I dont think the regulators are the main problem. They are getting quite hot but they have heatsinks on them and ive had one running hotter for a few hours without problems.

The skull is more balanced than any other that ive seen. The jaw servo is in the center instead of at the front. One problem ive heard with this kind of project is that when the power is cut the skull will look straight down. Mine doesnt have this problem. It remains exactly where it was so the servos definately arnt struggling to keep the skull in position.

I did have a servo tester (now blown up after forgetting the 5V regulator) and all 4 servos worked fine with that. If its not my code thats causing the buzzing then there must be some fault on the circuit but i cant find one.

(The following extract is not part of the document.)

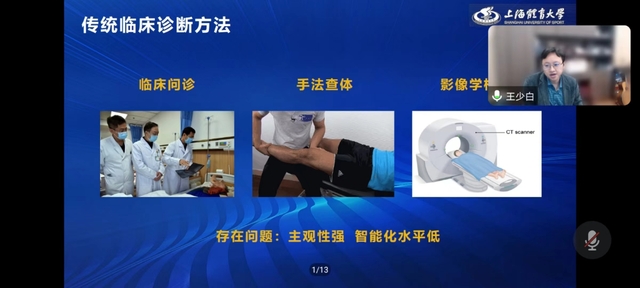 会上,王少白教授作了题为“运动医疗数智化诊疗”的专题报告,他从运动医学数智化闭环解决方案引入,介绍了高速双平面荧光透视系统及其在脊柱参数测量、关节运动学动态检测等领域的应用。此外,他还针对数字化精准治疗和康复评估,在运动医学手术机器人、多模态数字化康复评估训练系统研发等方面取得了一定的技术突破,实现了体育、医学、工程的完美融合。报告结束后,与会师生同王少白教授进行了互动交流,大家针对报告内容踊跃提问、积极发言。

As my code listens for serial data i cant jump into the tight loop too soon but i calculated that it should jump in over 3,000 instructions before the timer overflows. Theres no way my program uses that many instructions in one iteration of the main loop.

Heres my tight loop for servo 1
Code:
Servo_Loop1							; Label: Servo1 tight loop
	
	; Check if Timer3 has overflowed
	BTFSS	PIR2,1					; If TMR3IF=1 Then: Skip the next line
	GOTO	Servo_Loop1				; Nothing to do yet so go back to the start of the loop
	
	BCF		_pServo1				; Turn the servo pin off
	
	GOTO	Servo_Next				; Goto the subroutine that sets up the next servo
The PIC runs at 10MHz with PLL (40MHz / 10MIPS). The servos were quite expensive but their deadband shouldnt be shorter than a few instructions.

Im going to go over my code again tomorrow because ive already found some stupid mistakes in it so there might be more. 1 thing i can think of is that i dont allow 18ms between pulses. There is a gap but i think its more like 10ms. That should be fine though right?